SAMARINDA – Jaringan Media Siber Indonesia (JMSI) Kalimantan Timur menetapkan Bayu Surya Gandamana sebagai Ketua JMSI Kaltim periode 2026–2031 menggantikan almarhum Mohammad Sukri yang wafat pada 16 April 2026.
Penetapan tersebut dilakukan melalui rapat pengurus JMSI Kaltim pada Senin (8/6/2026), sesuai ketentuan Anggaran Dasar dan Anggaran Rumah Tangga (AD/ART) organisasi.
Bayu menegaskan bahwa amanah yang diberikan kepadanya merupakan tanggung jawab besar sekaligus kelanjutan dari perjuangan yang telah dirintis pendahulunya.
“Ini bukan sekadar jabatan, tetapi amanah untuk melanjutkan perjuangan yang telah dibangun Pak Sukri,” ujarnya.
Ia menyampaikan bahwa almarhum Mohammad Sukri telah mewariskan fondasi kuat berupa soliditas organisasi, kebersamaan anggota, serta komitmen terhadap profesionalisme media siber di Kalimantan Timur.
Menurut Bayu, JMSI Kaltim selama ini telah menjadi wadah yang menyatukan perusahaan media siber secara lebih terarah, independen, dan berpegang pada prinsip jurnalistik yang sehat.
Ke depan, ia menegaskan akan melanjutkan program prioritas organisasi, terutama di bidang peningkatan kualitas media, penguatan SDM wartawan, serta kemandirian ekonomi perusahaan pers.
Program seperti pelatihan jurnalistik, Uji Kompetensi Wartawan (UKW), advokasi hukum, hingga penguatan tata kelola media akan tetap menjadi fokus utama kepengurusan.
“Kami ingin memastikan anggota JMSI semakin profesional, kompeten, dan mampu beradaptasi dengan perubahan industri media digital,” kata Bayu.

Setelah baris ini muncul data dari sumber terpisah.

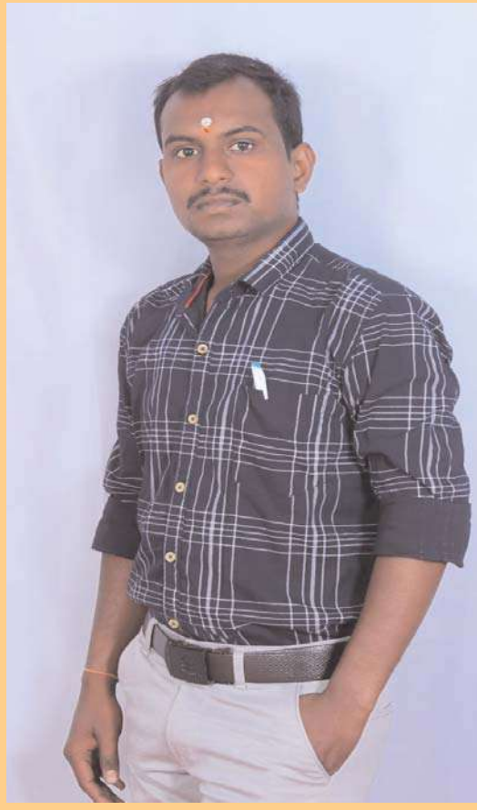
దురదృష్టకరం. . !

విద్యార్థులలో మానవతా విలువలు మర్చిపోవాల్సిందేనా...? విద్యార్థులకు నైతిక విలువలు కలిగి ఉన్నాయా...? విద్యార్థులకు సామాజిక బాధ్యత ఉందా...? ఉపాధ్యాయులా..? తల్లిదండ్రులా.. ....? ప్రభుత్వమా.....?

Ia juga berkomitmen memperluas jangkauan program organisasi hingga ke seluruh kabupaten dan kota di Kalimantan Timur agar manfaat JMSI dapat dirasakan secara merata.
Sementara itu, Ketua Harian JMSI Pusat, Ari Rahman, menilai JMSI Kaltim memiliki posisi strategis dalam pengembangan media siber nasional, terlebih dengan keberadaan Ibu Kota Nusantara (IKN).
Menurutnya, Kalimantan Timur berpotensi menjadi pusat pertumbuhan media siber di kawasan Kalimantan dan wilayah sekitarnya.
Ari juga mendorong JMSI Kaltim untuk memperkuat kolaborasi, meningkatkan regenerasi jurnalis, serta menghadirkan program nyata yang berdampak bagi penguatan ekosistem media lokal.
“Organisasi harus hadir memberi manfaat nyata bagi anggota dan masyarakat,” ujarnya.
Ia menegaskan pentingnya melanjutkan fondasi organisasi yang telah dibangun almarhum Mohammad Sukri sebagai bagian dari keberlanjutan kepemimpinan JMSI Kaltim.
“Yang sudah dibangun harus dijaga dan dikembangkan,” pungkasnya. (*)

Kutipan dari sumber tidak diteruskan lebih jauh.